Together AI expands fine-tuning scope: Tool calling, reasoning, and vision support arrive for Together AI's fine-tuning service on 18 March 2026, alongside 6x throughput improvements and support for 100B+ parameter models. The addition of cost and ETA estimation makes fine-tuning more predictable for production planning. This positions Together AI as a serious alternative to OpenAI's fine-tuning offerings.
NVIDIA models proliferate across platforms: Nemotron 3 Super becomes available on Amazon Bedrock 18 March 2026, whilst LM Studio adds support for NVIDIA DGX Station GB300 for local model deployment. The multi-platform availability suggests NVIDIA is prioritising broad distribution over exclusive partnerships.
China dominates open-source AI contributions: Hugging Face reports Chinese organisations now lead in model downloads and releases, surpassing US contributions in 2025. This shift reflects strategic moves towards AI sovereignty and data localisation, potentially impacting global model selection strategies.
Quick Hits
• Elasticsearch maintenance: Versions 9.3.2, 9.2.7, and 8.19.13 released with bug fixes and security updates • Amazon Connect expansion: Voice AI agents support 13 new languages with agentic speech-to-speech in London region • Bedrock model additions: Minimax M2.5 and GLM 5 models now available • Claude thinking optimisation: New 'omitted' display field improves streaming performance by hiding internal reasoning • OpenSearch deprecation: Version 3.5 reaches end-of-life 17 March 2026
The Week Ahead
The immediate priority for any team using Vertex Explainable AI is migration planning.

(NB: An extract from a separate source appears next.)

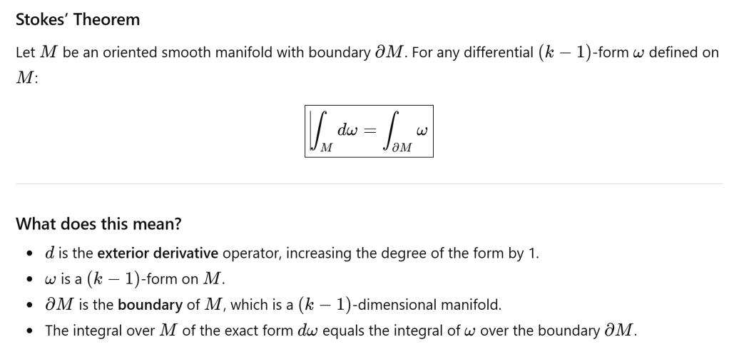 Here’s Stokes’ theorem in its most general and elegant form from differential geometry, using the beautiful, rigorous differential geometry terminology:

With the 16 March 2026 effective date already passed, alternative explainability solutions must be implemented urgently. Google's image and video generation endpoints face deprecation on 30 June 2026, providing slightly more breathing room but requiring attention.
AWS's real-time AI capabilities warrant evaluation for teams building interactive agents or voice applications. The WebRTC support in AgentCore Runtime and Polly's bidirectional streaming represent genuine capability advances rather than incremental improvements.
Watch for OpenAI's acquisition of Astral to complete, potentially accelerating Codex development for Python tooling. The strategic focus on developer tools suggests OpenAI is building a comprehensive development ecosystem beyond language models.